In return, we get preferred shares that pay 8% dividends and... not much else.. OK, Citibank's dividend is reduced to 1 cent for three years. Executive compensation has to be approved by the Treasury. But senior managers are not fired. The board is not replaced by public representatives. Forced reorganization is not ordered. Unlike the auto companies, Citibank isn't asked for a new plan to save itself. Citibank spokesmen say they will keep on with their current plan. Which as far as anyone can determine consists of layoffs, prayer, incantations, and throwing themselves on the thus far tender mercies of Hank Paulson.

The stock market went up on news of the deal and the announcement of the Obama team. But at the end of this, Citibank, which claims assets of over $3 trillion on and off its balance sheets, still holds hundreds of billions of toxic paper. It's doubtful it can cover the losses it agreed to take under the new deal without going belly up. Speculators know this. Unless the housing bubble reflates or the economy suddenly revives, Citibank will surely be back for more help soon enough. And other mega-banks, also too big to fail -- and too big to succeed -- will line up to get the same treatment.

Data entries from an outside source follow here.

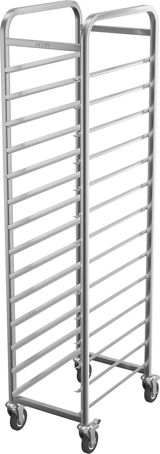 Тележка-шпилька ATESY КШ-Л-1.14-1.1-02 серии Люкс предназначается для временного хранения и перемещения гастроемкостей между линиями раздачи готовых блюд и кухней на предприятиях общественного питания, торговли и пищевых производствах. Тележка оснащена 4 поворотными колесами (2 с тормозами), кромками с безопасным подгибом. Тип конструкции - сварная, стойки из труб квадратного сечения. Материал конструкции - нержавеющая сталь AISI 304.
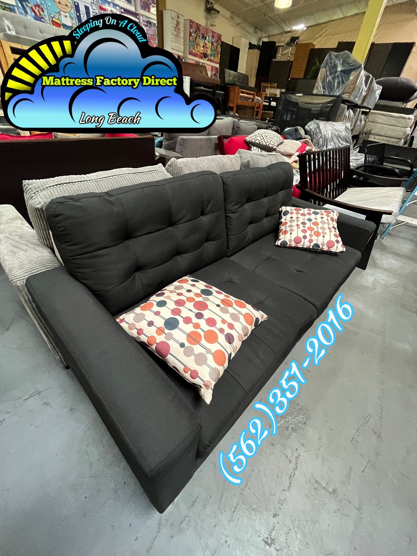 Black Love Seat 2 Seater Couch New With Accent Pillows
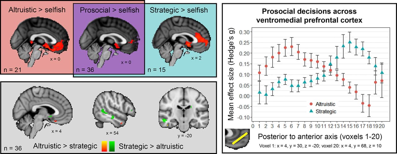 Las acciones altruistas estimulan la corteza cingulada anterior subgenual activada (sgACC). La corteza prefrontal ventromedial (vmPFC) participa de manera consistente durante las decisiones generosas y el procesamiento a través de un eje posterior diferencia el contexto altruista del estratégico. El vmPFC posterior se utilizó preferentemente durante las decisiones altruistas. Las regiones del "cerebro social" mostraron distintos patrones de actividad entre los tipos de elección.
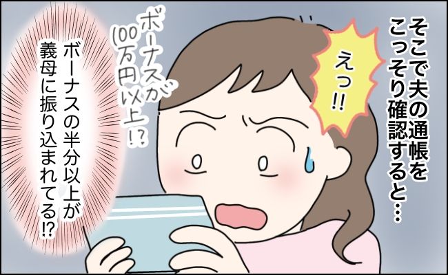 よくよく通帳を見てみると、ボーナスのうち、私たちの生活費口座に振り込まれた金額以外は、別の口座へまるまる振り込まれているとわかりました。その振込先はなんと義母の口座! 夫はボーナスの半分以上の金額を義母に渡していたのです。驚いた私は、その夜夫に話をしてみました。
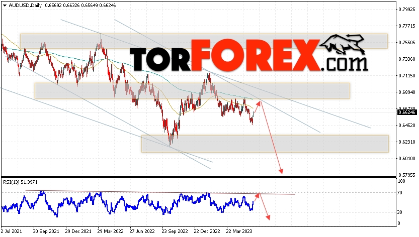 Дополнительным сигналом в пользу падения пары на Форекс выступит отскок от верхней границы нисходящего канала. Вторым сигналом станет отскок от нисходящей линии тренда на индикаторе относительной силы. Отменой варианта падения валютной пары AUD/USD на текущей торговой неделе 5 — 9 июня 2023 станет сильный рост и пробой уровня 0.6945. Это укажет на пробой сопротивления и продолжение подъёма Австралийского Доллара на Форекс с потенциальной целью на уровне 0.7285. Подтверждением развития снижения выступит пробой области поддержки и закрытие цен ниже уровня 0.6435.
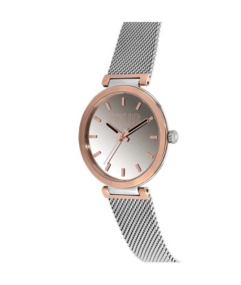 Para los amantes de la relojería hecha en Suiza, este reloj para mujer todo en acero, cristal zafiro anti reflejos con un original fondo de esfera azul intenso de cuadraditos y un bisel matizado y facetado en 8 tramos contrastando con el brillo en sus caras

Obama has turned the page on Bush's purblind refusal to spend the money needed to get the real economy going. But with the Geithner appointment and the apparent willingness to stand with Paulson going forward, Obama seems perilously close to following the same course as Bush in the banking bailout. For a man who won the presidency understanding that it was time to turn the page, this would be a good place to do just that.